Here's one of the problems I got frequently.

I have a 5 node ES (using local storage) cluster running 8 indexes each
with thousands of documents (one of them with millions) and every now and
then it seems like replication breaks:

for node in n1 n2 n3 n4 n5; do
curl "http://${node}:9200/index/_count?q=*"

{"count":22408,"_shards":{"total":1,"successful":1,"failed":0}}
{"count":22408,"_shards":{"total":1,"successful":1,"failed":0}}
{"count":20230,"_shards":{"total":1,"successful":1,"failed":0}}
{"count":20230,"_shards":{"total":1,"successful":1,"failed":0}}
{"count":20230,"_shards":{"total":1,"successful":1,"failed":0}}

The only solution found so far is to recreate the index and reindex.

Any help will be really appreciatted! :smiley:

Also, a few more points on the count:

  1. Going to different nodes is irrelevant. The count will round robin
    between the shards and be directed to the appropriate node(s).

  2. Do you index while you execute the count? Have you changed the refresh
    interval?

-shay.banon

On Fri, Oct 8, 2010 at 9:17 PM, Shay Banon shay.banon@elasticsearch.comwrote:

Have you seen the problem with recovery and local gateway with more than
one index I posted? Also, do you see any exceptions in the log?

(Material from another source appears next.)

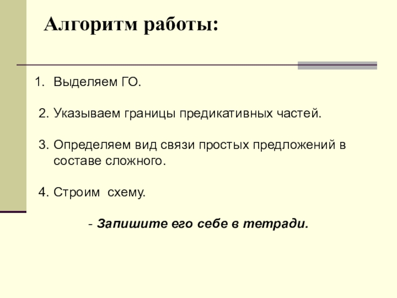 Алгоритм работы:  Выделяем ГО.2. Указываем границы предикативных частей.3. Определяем вид связи простых предложений в составе сложного.4.

The index
seems to have just one shard, how many replicas does it have?

-shay.banon

On Fri, Oct 8, 2010 at 9:06 PM, Pablo Borges pablort@gmail.com wrote:

Here's one of the problems I got frequently.

I have a 5 node ES (using local storage) cluster running 8 indexes each
with thousands of documents (one of them with millions) and every now and
then it seems like replication breaks:

for node in n1 n2 n3 n4 n5; do
curl "http://${node}:9200/index/_count?q=*"

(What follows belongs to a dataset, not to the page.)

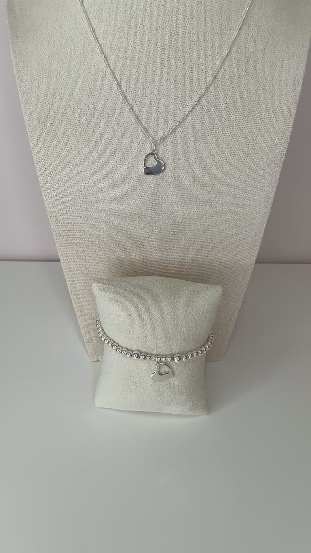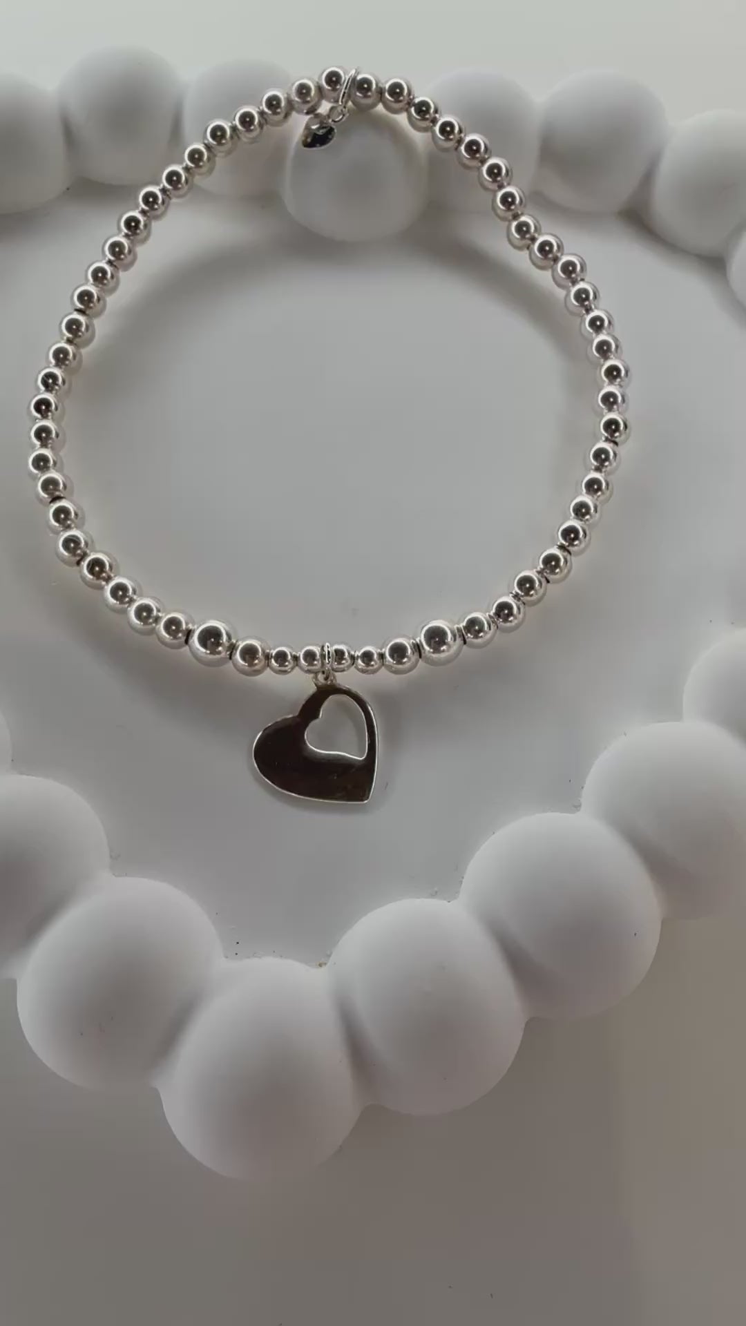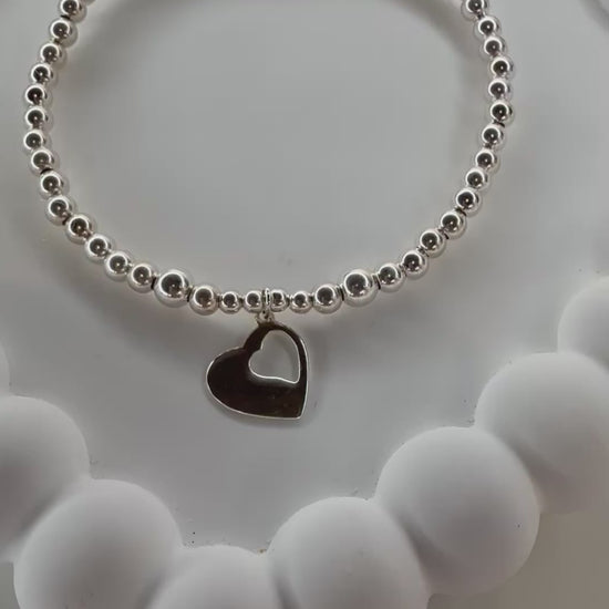 Made with sterling sliver 4mm beads on strong beading elastic set with the two in one heart charm.

{"count":22408,"_shards":{"total":1,"successful":1,"failed":0}}
{"count":22408,"_shards":{"total":1,"successful":1,"failed":0}}
{"count":20230,"_shards":{"total":1,"successful":1,"failed":0}}
{"count":20230,"_shards":{"total":1,"successful":1,"failed":0}}
{"count":20230,"_shards":{"total":1,"successful":1,"failed":0}}

The only solution found so far is to recreate the index and reindex.

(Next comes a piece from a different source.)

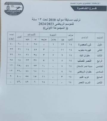 مركز شباب المعصرة 2010 يتصدر مجموعته في مسابقة القاهرة

Any help will be really appreciatted! :smiley:

About 1. If you notice, I use only one shard per node, which means one of
them (al least) is bogged.
About 2. No. The data has been indexed sometime ago and updates are not
frequent.

On Fri, Oct 8, 2010 at 4:23 PM, Shay Banon shay.banon@elasticsearch.comwrote:

Also, a few more points on the count:

  1. Going to different nodes is irrelevant. The count will round robin
    between the shards and be directed to the appropriate node(s).

  2. Do you index while you execute the count? Have you changed the refresh
    interval?

-shay.banon

On Fri, Oct 8, 2010 at 9:17 PM, Shay Banon shay.banon@elasticsearch.comwrote:

Have you seen the problem with recovery and local gateway with more than
one index I posted? Also, do you see any exceptions in the log? The index
seems to have just one shard, how many replicas does it have?

-shay.banon

On Fri, Oct 8, 2010 at 9:06 PM, Pablo Borges pablort@gmail.com wrote:

Here's one of the problems I got frequently.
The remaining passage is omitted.